_Exercise brief_: Transcribe word for word the section of the records below that opens with the line containing "Diese Frau ist" and closes with the line containing "13级制药工程专业毕业生高金"; drop every picture.

_Input_:
------------------------------------
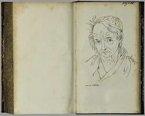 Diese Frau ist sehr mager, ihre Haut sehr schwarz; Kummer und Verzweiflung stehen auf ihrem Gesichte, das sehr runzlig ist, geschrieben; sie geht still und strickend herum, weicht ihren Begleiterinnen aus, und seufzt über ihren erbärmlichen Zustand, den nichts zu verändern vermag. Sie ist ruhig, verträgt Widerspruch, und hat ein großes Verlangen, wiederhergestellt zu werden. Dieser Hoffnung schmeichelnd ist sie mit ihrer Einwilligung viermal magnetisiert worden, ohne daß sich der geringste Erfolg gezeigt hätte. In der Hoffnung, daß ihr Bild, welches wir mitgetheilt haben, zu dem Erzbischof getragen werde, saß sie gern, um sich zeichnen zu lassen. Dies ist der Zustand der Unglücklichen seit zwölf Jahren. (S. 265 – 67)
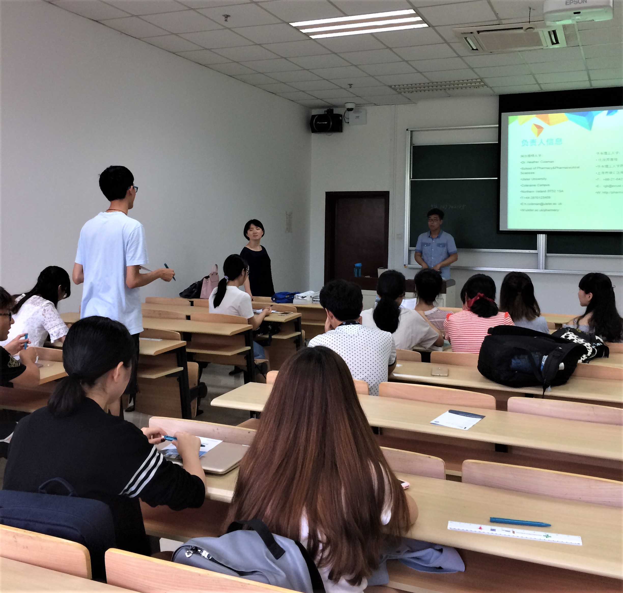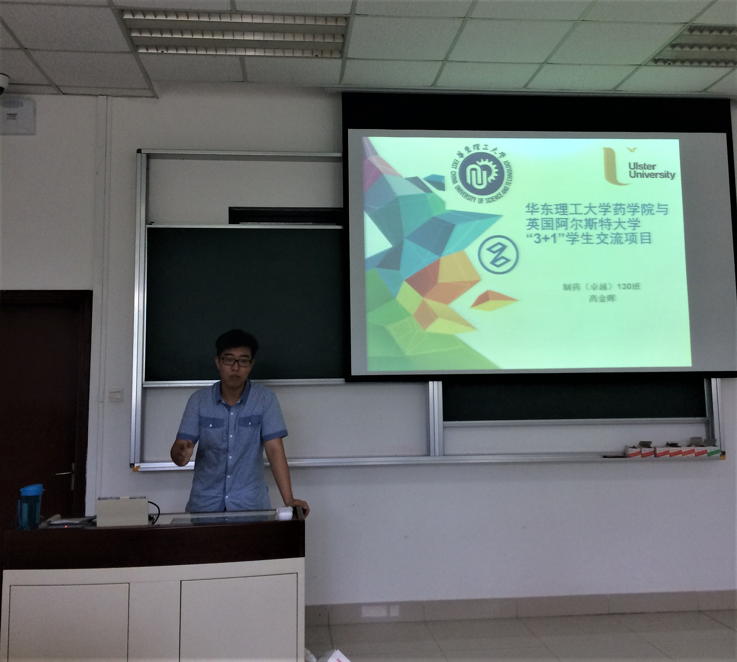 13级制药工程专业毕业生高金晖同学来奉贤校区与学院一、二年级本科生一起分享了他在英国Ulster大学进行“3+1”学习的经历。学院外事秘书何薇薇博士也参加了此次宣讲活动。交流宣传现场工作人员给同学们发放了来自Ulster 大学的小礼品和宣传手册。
------------------------------------
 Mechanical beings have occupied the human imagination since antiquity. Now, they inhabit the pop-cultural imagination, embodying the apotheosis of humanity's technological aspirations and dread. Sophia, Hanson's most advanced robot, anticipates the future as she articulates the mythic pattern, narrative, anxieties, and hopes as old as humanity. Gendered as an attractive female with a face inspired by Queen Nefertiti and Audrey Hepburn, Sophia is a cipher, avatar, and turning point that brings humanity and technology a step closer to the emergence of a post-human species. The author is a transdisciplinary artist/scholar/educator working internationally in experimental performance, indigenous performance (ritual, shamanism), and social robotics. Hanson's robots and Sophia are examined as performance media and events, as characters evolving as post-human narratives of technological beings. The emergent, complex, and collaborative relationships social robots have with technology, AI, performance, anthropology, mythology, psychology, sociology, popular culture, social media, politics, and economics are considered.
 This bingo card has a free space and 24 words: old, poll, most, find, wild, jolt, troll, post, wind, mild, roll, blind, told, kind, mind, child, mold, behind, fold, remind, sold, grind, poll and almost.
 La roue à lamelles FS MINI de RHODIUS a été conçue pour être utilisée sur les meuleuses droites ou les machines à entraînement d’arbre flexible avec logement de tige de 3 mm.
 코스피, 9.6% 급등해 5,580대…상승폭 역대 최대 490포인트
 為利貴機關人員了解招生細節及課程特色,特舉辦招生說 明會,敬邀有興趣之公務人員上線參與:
------------------------------------
_Answer for this exercise_:
 Diese Frau ist sehr mager, ihre Haut sehr schwarz; Kummer und Verzweiflung stehen auf ihrem Gesichte, das sehr runzlig ist, geschrieben; sie geht still und strickend herum, weicht ihren Begleiterinnen aus, und seufzt über ihren erbärmlichen Zustand, den nichts zu verändern vermag. Sie ist ruhig, verträgt Widerspruch, und hat ein großes Verlangen, wiederhergestellt zu werden. Dieser Hoffnung schmeichelnd ist sie mit ihrer Einwilligung viermal magnetisiert worden, ohne daß sich der geringste Erfolg gezeigt hätte. In der Hoffnung, daß ihr Bild, welches wir mitgetheilt haben, zu dem Erzbischof getragen werde, saß sie gern, um sich zeichnen zu lassen. Dies ist der Zustand der Unglücklichen seit zwölf Jahren. (S. 265 – 67)
 13级制药工程专业毕业生高金晖同学来奉贤校区与学院一、二年级本科生一起分享了他在英国Ulster大学进行“3+1”学习的经历。学院外事秘书何薇薇博士也参加了此次宣讲活动。交流宣传现场工作人员给同学们发放了来自Ulster 大学的小礼品和宣传手册。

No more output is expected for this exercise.